*** Opening of Given entries ***

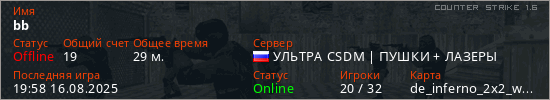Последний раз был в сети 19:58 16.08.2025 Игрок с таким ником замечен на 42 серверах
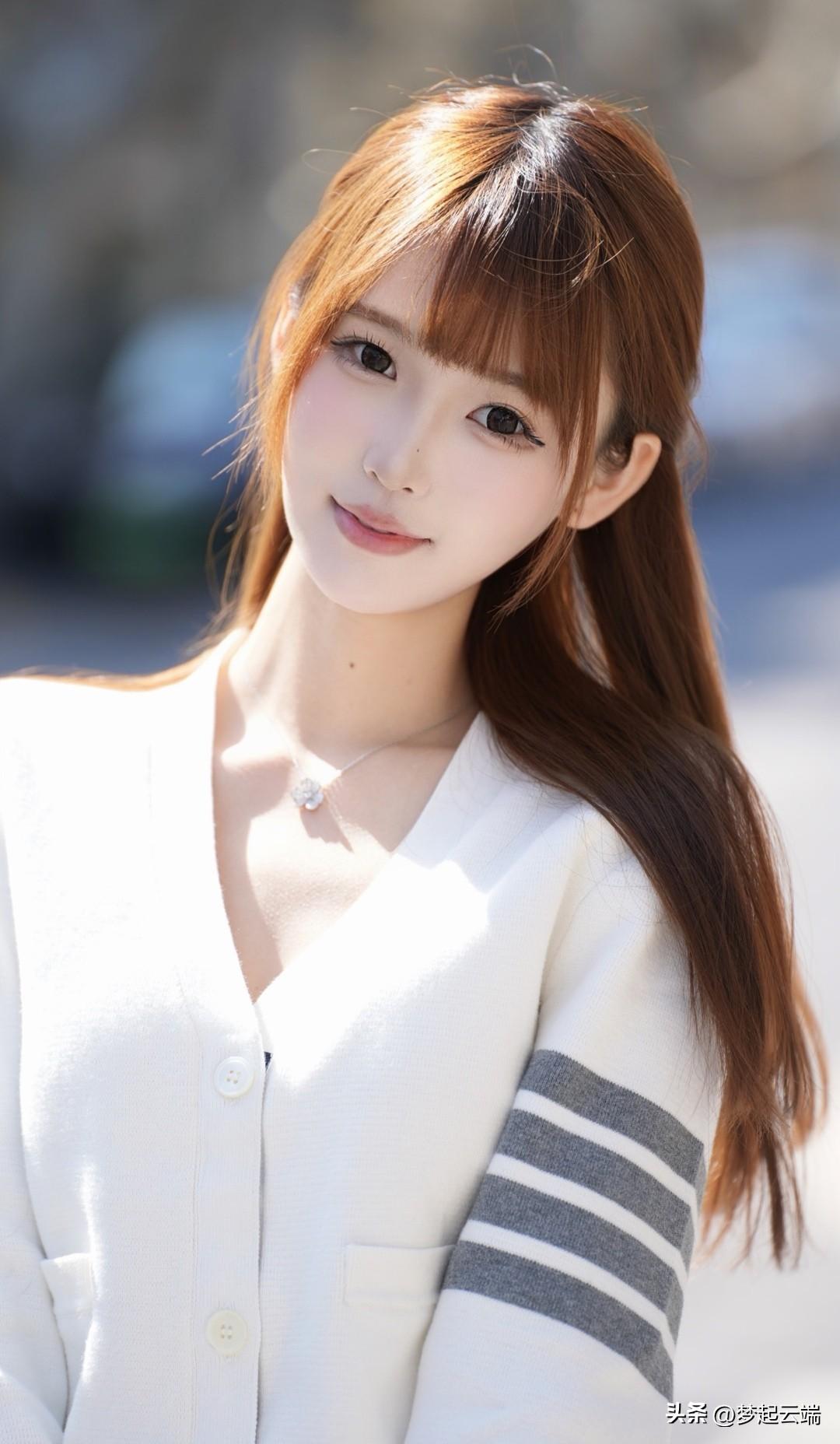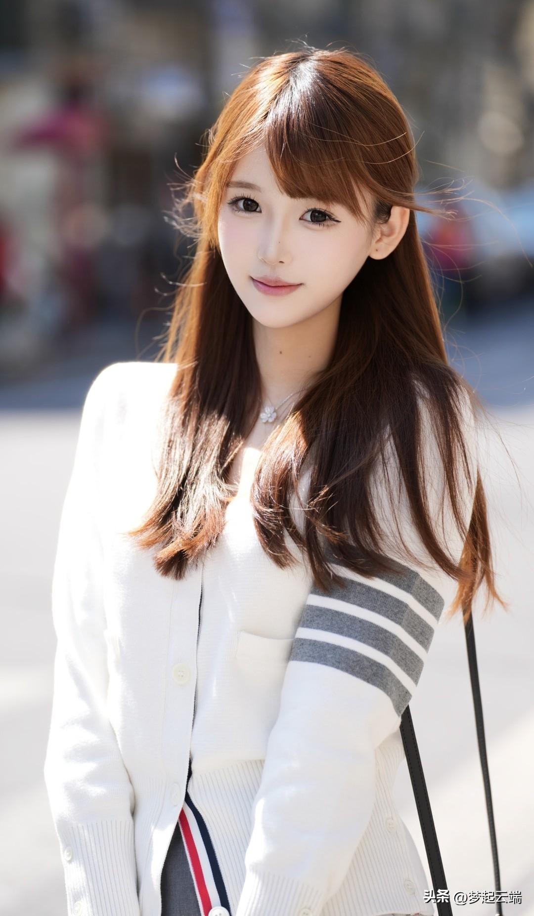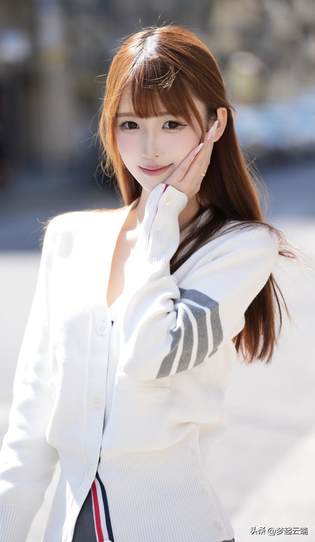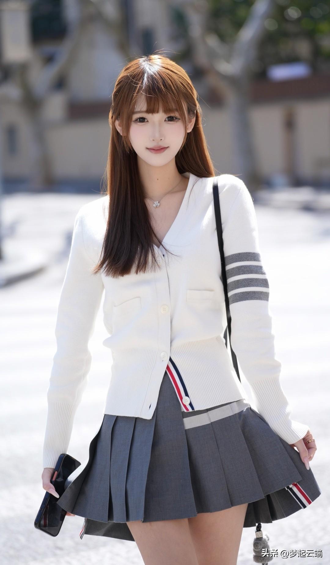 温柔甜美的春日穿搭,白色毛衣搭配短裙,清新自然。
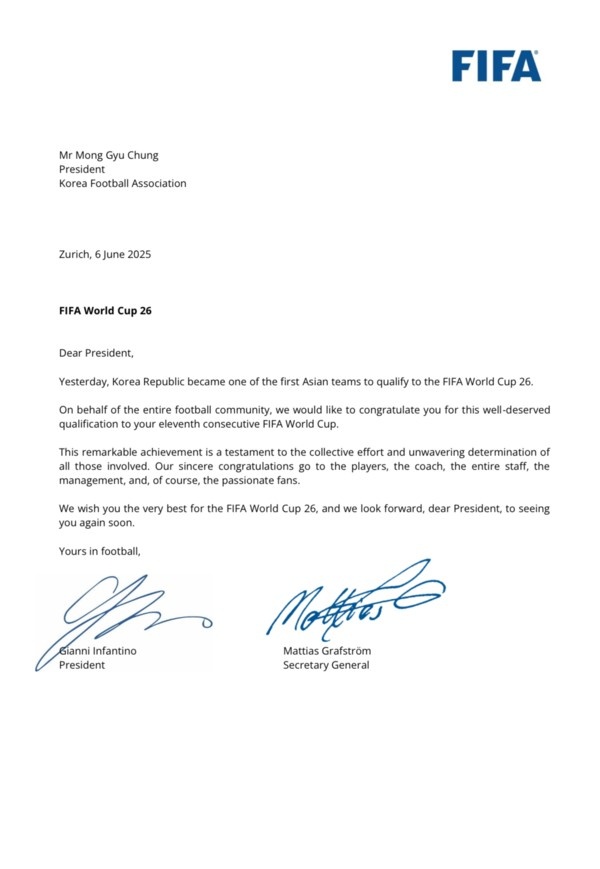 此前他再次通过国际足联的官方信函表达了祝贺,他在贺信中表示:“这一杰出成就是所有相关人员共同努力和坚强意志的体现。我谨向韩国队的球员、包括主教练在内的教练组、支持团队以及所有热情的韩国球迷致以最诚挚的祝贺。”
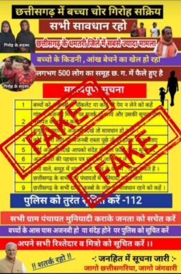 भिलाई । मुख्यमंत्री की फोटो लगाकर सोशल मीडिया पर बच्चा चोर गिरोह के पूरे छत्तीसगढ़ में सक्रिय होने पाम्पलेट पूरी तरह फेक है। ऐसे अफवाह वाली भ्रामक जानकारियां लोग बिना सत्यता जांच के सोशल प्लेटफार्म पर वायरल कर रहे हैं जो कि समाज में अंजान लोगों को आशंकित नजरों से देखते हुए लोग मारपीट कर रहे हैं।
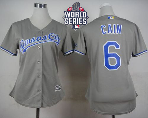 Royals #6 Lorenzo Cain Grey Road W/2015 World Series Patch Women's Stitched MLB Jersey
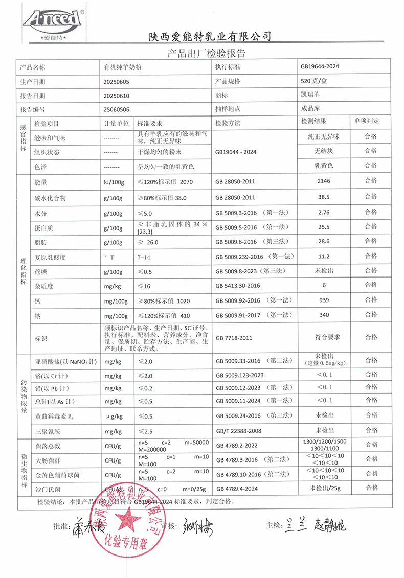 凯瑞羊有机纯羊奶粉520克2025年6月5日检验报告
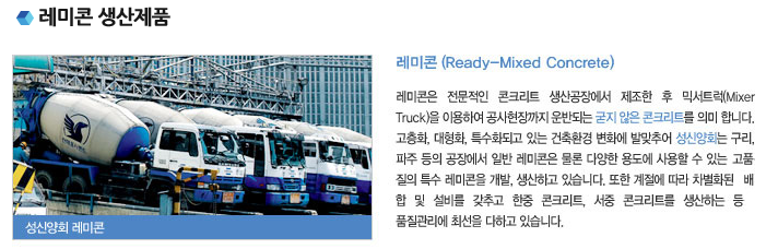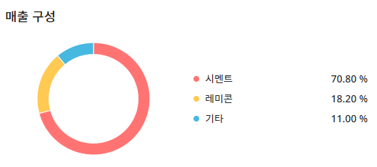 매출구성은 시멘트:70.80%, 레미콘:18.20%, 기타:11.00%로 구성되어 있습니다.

*** Close of Given entries ***
*** Opening of Given entries ***

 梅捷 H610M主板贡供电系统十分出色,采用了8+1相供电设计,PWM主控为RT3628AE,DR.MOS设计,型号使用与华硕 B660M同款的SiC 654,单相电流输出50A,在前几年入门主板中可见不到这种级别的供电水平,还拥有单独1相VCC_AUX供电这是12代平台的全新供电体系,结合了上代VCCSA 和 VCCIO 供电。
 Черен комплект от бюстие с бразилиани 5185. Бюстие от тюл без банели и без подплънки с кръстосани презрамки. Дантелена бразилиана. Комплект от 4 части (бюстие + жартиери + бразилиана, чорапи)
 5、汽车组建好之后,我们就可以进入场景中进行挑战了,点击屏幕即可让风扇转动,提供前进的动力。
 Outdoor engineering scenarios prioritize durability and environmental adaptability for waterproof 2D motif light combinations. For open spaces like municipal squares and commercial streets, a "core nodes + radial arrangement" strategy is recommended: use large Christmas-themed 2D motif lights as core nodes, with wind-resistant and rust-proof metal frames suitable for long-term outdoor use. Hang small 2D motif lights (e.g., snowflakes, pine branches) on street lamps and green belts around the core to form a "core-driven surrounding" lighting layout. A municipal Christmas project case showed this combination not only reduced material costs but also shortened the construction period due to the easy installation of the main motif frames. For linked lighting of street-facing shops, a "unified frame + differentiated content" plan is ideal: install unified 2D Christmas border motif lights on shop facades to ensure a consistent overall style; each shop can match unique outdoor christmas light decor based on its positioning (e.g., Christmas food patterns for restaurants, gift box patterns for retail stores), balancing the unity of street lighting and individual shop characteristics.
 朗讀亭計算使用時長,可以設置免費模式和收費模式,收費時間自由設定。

*** Close of Given entries ***
*** Opening of Given entries ***

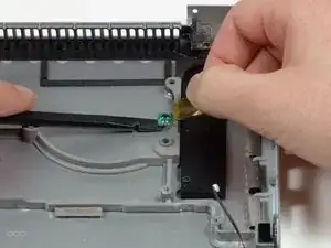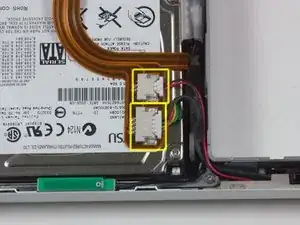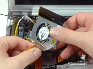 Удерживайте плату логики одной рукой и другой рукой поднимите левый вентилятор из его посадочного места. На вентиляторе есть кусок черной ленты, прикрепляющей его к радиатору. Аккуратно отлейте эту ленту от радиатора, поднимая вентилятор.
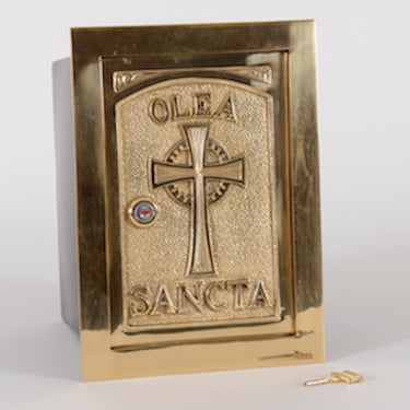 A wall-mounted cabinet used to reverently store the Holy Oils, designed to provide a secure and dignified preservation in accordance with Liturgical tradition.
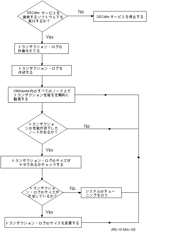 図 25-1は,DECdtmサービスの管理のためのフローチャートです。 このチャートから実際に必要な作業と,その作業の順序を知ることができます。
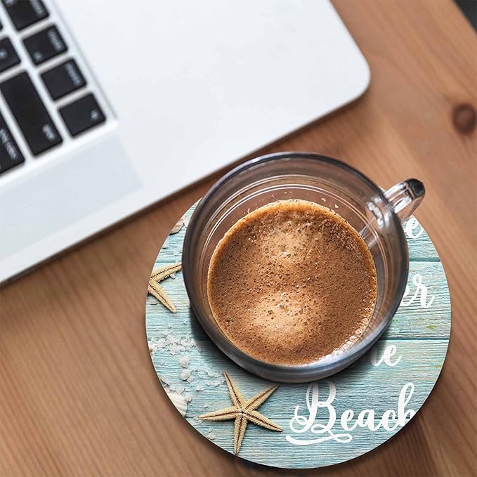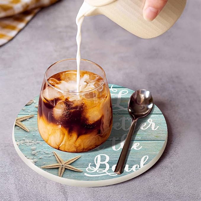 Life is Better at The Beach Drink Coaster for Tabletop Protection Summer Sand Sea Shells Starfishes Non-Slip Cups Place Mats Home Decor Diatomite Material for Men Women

*** Close of Given entries ***

▶ [Required work]: Print exactly the lines of the listing above starting at the line containing "Черен комплект от" and ending at the line containing "5、汽车组建好之后,我们就可", both included.

▶ [Exercise result]:
 Черен комплект от бюстие с бразилиани 5185. Бюстие от тюл без банели и без подплънки с кръстосани презрамки. Дантелена бразилиана. Комплект от 4 части (бюстие + жартиери + бразилиана, чорапи)
 5、汽车组建好之后,我们就可以进入场景中进行挑战了,点击屏幕即可让风扇转动,提供前进的动力。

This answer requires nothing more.